Researchers found that Endari reduced the number of acute pain crises in sickle cell patients by 25% compared with a placebo. It also minimized hospitalizations by one-third.
“People who were on glutamine did a lot better than those patients who were on placebo in frequency of pain crises, frequency of hospitalization and duration of hospitalization,” said lead researcher Dr. Yutaka Niihara, Chairman and CEO of Emmaus Life Sciences that created Endari
Dr. Caterina Minniti, director of the Sickle Cell Center for Adults at Montefiore Medical Center in New York City believes that Endari will probably be used alongside hydroxyurea, an oral medication used for decades to treat sickle cell disease.
“The data shows an improvement in symptoms as far as pain, but the improvement is modest,” Minniti said of the Endari trial.
“In that sense, it’s not revolutionary. It’s additive.”
According to the U.S. National Institutes of Health, pain occurs when sickle cells group together in small blood vessels, blocking blood flow and decreasing oxygen delivery to specific areas of the body.
Dr. Niihara and his colleagues believe that the amino acid L-glutamine might help ease the pain by neutralizing oxidative stress in sickle red blood cells, enabling them to go back to their usual shape.

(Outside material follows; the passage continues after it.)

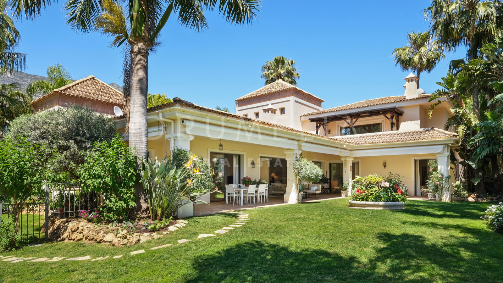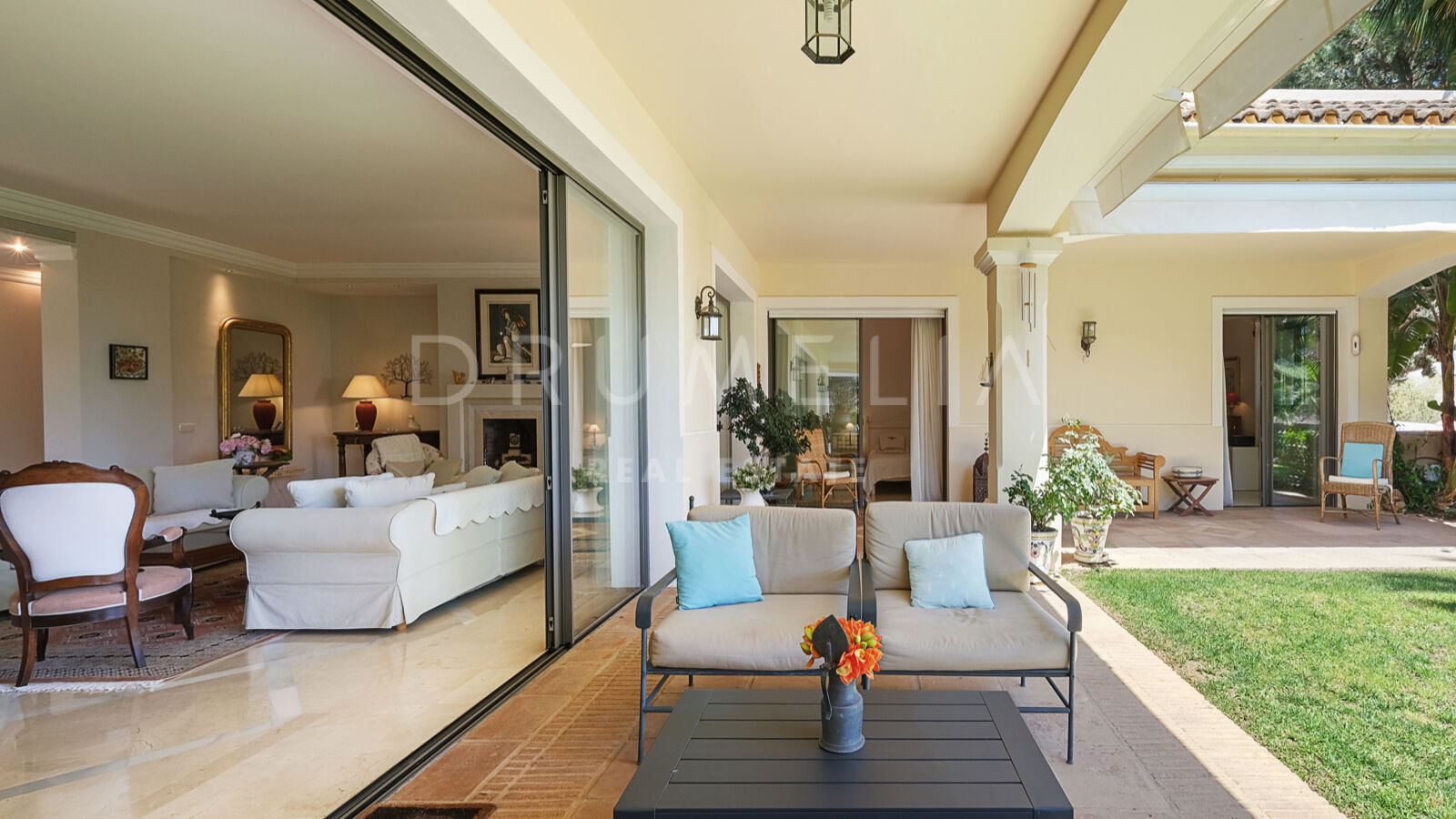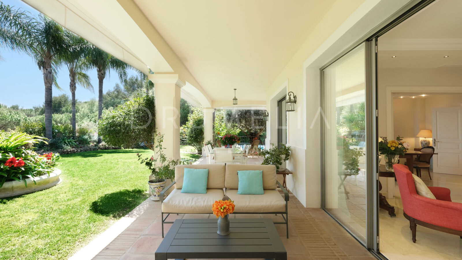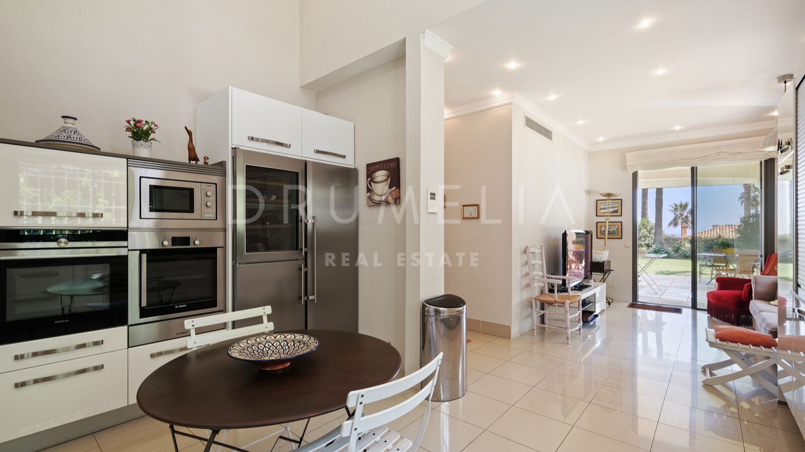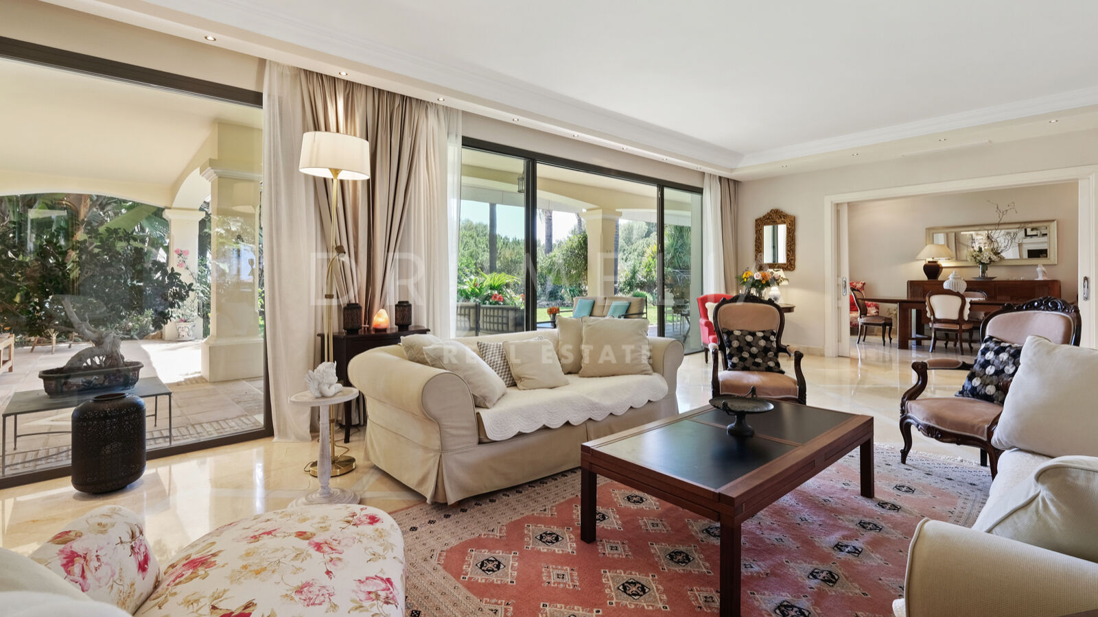 Disfrutarás de la perfecta conexión entre la vida interior y exterior en esta planta, ya que la cocina, el salón y el comedor, y 2 dormitorios en suite se abren a las amplias terrazas y a un jardín meticulosamente ajardinado. Invitando a disfrutar del mundialmente famoso estilo de vida mediterráneo, la parcela cuenta con una piscina equipada con sistema de ósmosis, un solárium, un exótico pabellón con zona de estar que garantiza puro disfrute y relajación en la intimidad de tu propio oasis. Los jardines con un olivo centenario, palmeras y una cuidada vegetación subtropical permiten disfrutar del romántico olor de las flores en el aire, y del sonido de las abejas zumbando alrededor de hermosas rosas.

“The first patients I treated, their condition improved so much that people who used to be hospitalized every week to two weeks, they didn’t have to be hospitalized for a whole three months,” Dr. Niihara said.
“People on hydroxyurea and glutamine did better than people on hydroxyurea alone,” he added.
“We concluded that glutamine must have an additive effect on hydroxyurea.”
Endari was approved last year by the U.S. Food and Drug Administration (FDA) for treatment of sickle cell disease.
In addition, the U.S. Centers for Medicare and Medicaid Services agreed to cover the drug earlier this year.
According to Dr. Minniti, private insurance companies have followed suit.
Compared to hydroxyurea that costs $1,700 for a year, Endari costs approximately $40,515.
“Insurance most often covers it because the cost-effectiveness is there,” Dr. Minniti said.
“When you decrease even one episode of vaso-occlusive [acute pain] crisis in a patient with sickle cell disease, that’s five to seven days of hospitalization. That’s many, many thousands of dollars.”
Endari has been developed by Emmaus Life Sciences, a US-based biopharmaceutical company.
According to the U.S. Centers for Disease Control and Prevention, sickle cell disease affects approximately 100,000 people in the U.S., particularly African Americans.
The findings were published in the July 19 issue of the New England Journal of Medicine.